Effects of the MR Environment

The MRI environment presents a unique wireless channel for two main factors. First, its structure acts as reflector and this could potentially cause destructive interference and decrease channel SNR. In addition, the high-power RF pulses emitted by MRI, though at a significantly different frequency, could interfere, causing signal blocking in the Wi-Fi receive chain. To examine these effects, extension cables were attached to the antennas of the Pico-Pi IMX7 development platform as well as the WRT3200 router, used as a base station. The linux networking utility iperf characterized the uplink rate of the client pico-pi device to the server, a laptop connected to the router via gigabit ethernet. Uplink rate is most representative since MRI data must ultimately be streamed from on-coil electronics to a router. TCP packet window size was made large enough such that the handshake protocol did not significantly impact achievable data rates. The number of parallel iperf connections were also swept from one to five to achieve best performance. Once a baseline rate was established in a benchtop environment [Figure.4A], the router and embedded platform were moved to the MRI environment. The embedded device and router were far enough such that the magnetic field did not saturate the power supplies of the devices, interrupting their operation. From these devices, SMA cables were fed to the patient table. The three antennas of the base station router were placed under the cushion of the patient table and the client antenna was placed on top of a phantom [Figure.4C]. Inside the MRI bore, iperf throughput tests were repeated, first without MRI scanning. Throughput rates reached 90 Mbps, similar to the mock bore outcome. The iperf test was then repeated while playing a gradient echo sequence, (TR 7ms, 5 minutes duration, 30 degree flip angle), and yielded similar throughput. Results for all three tests for an N of four are shown in [Figure.5].

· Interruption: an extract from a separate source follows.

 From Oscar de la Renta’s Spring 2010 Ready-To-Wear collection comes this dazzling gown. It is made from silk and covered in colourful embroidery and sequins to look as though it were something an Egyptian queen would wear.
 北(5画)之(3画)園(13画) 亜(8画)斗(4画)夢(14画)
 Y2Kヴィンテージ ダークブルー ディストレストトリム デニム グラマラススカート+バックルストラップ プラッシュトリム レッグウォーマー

In the MRI environment, bore reflection and RF pulse power had an imperceptible effect on the data uplink rate of the client device to the server. This bodes well for 802.11ac wireless platforms to relay sampled data to a base station for reconstruction. However, uplink rates of 87 Mbps do fall short of the expected 270 Mbps that a single stream 80 MHz channel can attain. The Wi-Fi SDIO interface is a suspected data bottleneck. For reference, a 3D cones high speed sequence with 32 Coils, +/-250 kHz BW, 3.84ms TR and 936us Tacq will generate 156 Mbps if data is decimated to 500 ksps and 20 bit I/Q. More coils, less decimation or higher gradient bandwidths could easily multiply data bandwidths. The 802.11ac standard appears capable of handling MRI data rates, but capacity is limited.


We would like to thank GE Healthcare for their research support. This project is supported by NIH grant R01EB019241


Byron K, Robb F, Stang P, Vasanawala S, Pauly J, Scott G. An RF‐gated wireless power transfer system for wireless MRI receive arrays. Concepts Magn Reson Part B. 2017;47B:e21360. https://doi.org/10.1002/cmr.b.21360

Corea, J. R. et al. Screen-printed flexible magnetic resonance imaging receive coils. Nat. Commun. 7:10839 doi: 10.1038/ncomms10839 (2016).

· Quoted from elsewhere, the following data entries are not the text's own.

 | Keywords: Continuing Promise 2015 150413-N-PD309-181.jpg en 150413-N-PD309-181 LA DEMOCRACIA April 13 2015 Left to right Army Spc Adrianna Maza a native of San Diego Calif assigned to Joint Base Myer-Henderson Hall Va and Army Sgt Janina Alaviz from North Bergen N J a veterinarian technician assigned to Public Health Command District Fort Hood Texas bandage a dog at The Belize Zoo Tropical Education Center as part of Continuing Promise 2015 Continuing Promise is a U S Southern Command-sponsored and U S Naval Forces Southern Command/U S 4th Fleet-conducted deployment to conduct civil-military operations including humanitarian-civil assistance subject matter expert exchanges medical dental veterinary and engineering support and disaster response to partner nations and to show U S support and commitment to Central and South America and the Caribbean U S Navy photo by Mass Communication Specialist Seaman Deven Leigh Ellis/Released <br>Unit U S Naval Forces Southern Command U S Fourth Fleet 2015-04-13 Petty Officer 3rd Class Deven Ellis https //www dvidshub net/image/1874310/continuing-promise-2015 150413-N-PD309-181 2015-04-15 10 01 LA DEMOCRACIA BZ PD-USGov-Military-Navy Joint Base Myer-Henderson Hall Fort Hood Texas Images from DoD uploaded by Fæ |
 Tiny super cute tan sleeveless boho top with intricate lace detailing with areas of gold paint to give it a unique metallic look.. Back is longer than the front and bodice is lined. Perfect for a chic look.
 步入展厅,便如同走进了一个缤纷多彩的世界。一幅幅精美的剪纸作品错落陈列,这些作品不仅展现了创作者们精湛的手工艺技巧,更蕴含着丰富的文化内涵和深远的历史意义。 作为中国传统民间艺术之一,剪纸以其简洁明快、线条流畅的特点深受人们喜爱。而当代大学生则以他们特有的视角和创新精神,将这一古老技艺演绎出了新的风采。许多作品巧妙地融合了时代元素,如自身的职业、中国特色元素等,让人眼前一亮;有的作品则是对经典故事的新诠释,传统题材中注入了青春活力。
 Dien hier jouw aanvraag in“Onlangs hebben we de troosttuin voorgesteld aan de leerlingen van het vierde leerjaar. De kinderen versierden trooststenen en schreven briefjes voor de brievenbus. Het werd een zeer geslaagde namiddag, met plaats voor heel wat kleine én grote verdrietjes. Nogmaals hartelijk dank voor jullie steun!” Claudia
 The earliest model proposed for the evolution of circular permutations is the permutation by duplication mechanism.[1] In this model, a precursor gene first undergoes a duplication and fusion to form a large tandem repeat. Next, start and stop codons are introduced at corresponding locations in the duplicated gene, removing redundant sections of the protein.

Figure 1: System level diagram illustrating the main wireless blocks in targeted application. An embedded device platform relays sampled data to a wireless router acting as a base station.

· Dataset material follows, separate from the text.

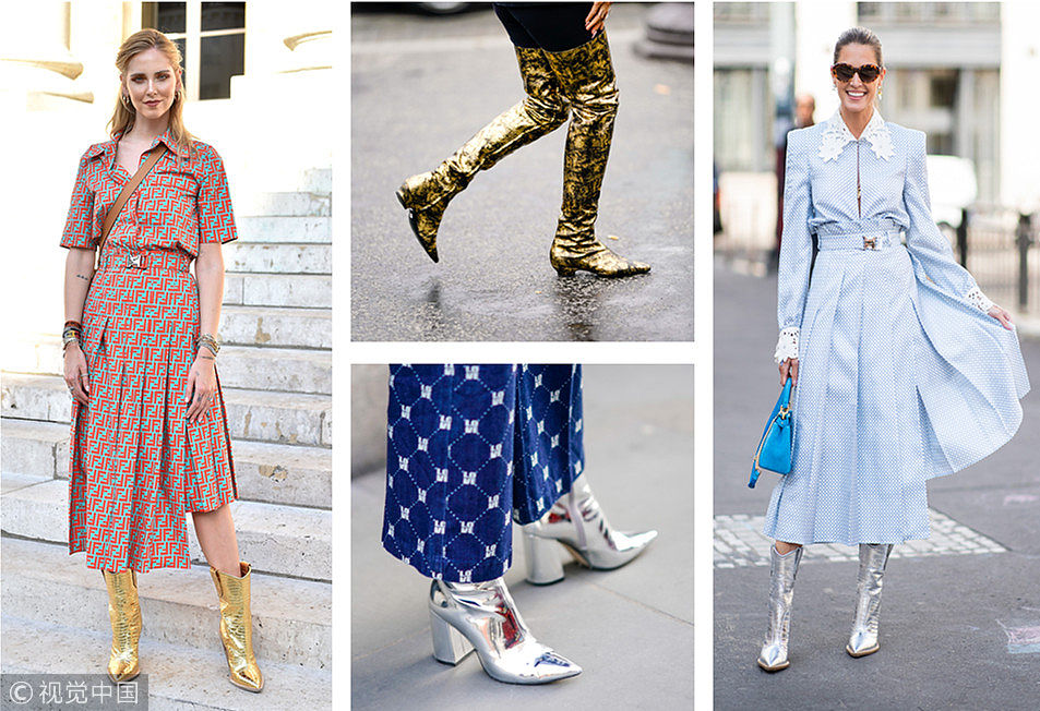 眼看北方氣溫驟降南方也開始降溫,儲(chǔ)存依舊的靴子這時(shí)候不拿出來(lái)穿更待何時(shí)。這一兩年流行的金屬色元素如果放在靴子上也算得上街頭一道靚麗的風(fēng)景線,衣服單調(diào)無(wú)趣不妨在靴子上花點(diǎn)小心思,金屬色戰(zhàn)靴這個(gè)秋季你值得擁有。 (圖片來(lái)源:視覺中國(guó))

Figure 2: Available 802.11ac wireless channels in their 20, 40, and 80 MHz configurations. Of the six 80 MHz channels, four could be used with the Pico-PI IMX7 successfully in a mock bore environment.

Figure 3: Example application of multiple cells occupying different wireless channels to boost overall data rate from coil array to base station.

Figure 4: Photos of different evaluation environments. A) A benchtop test to act as reference. B) A mock bore environment to determine available channels in a shielded room. C) Measurement setup in scanner, client antenna placed above phantom.

Figure 5: Results of iperf data rate tests (N=4). Tests were performed with a TCP window size of 2MBytes and swept over 1, 2, and 5 parallel data streams. There was no significant impact of the MRI scan on the uplink data rate of the Pico-Pi to the Laptop relative to the benchtop environment.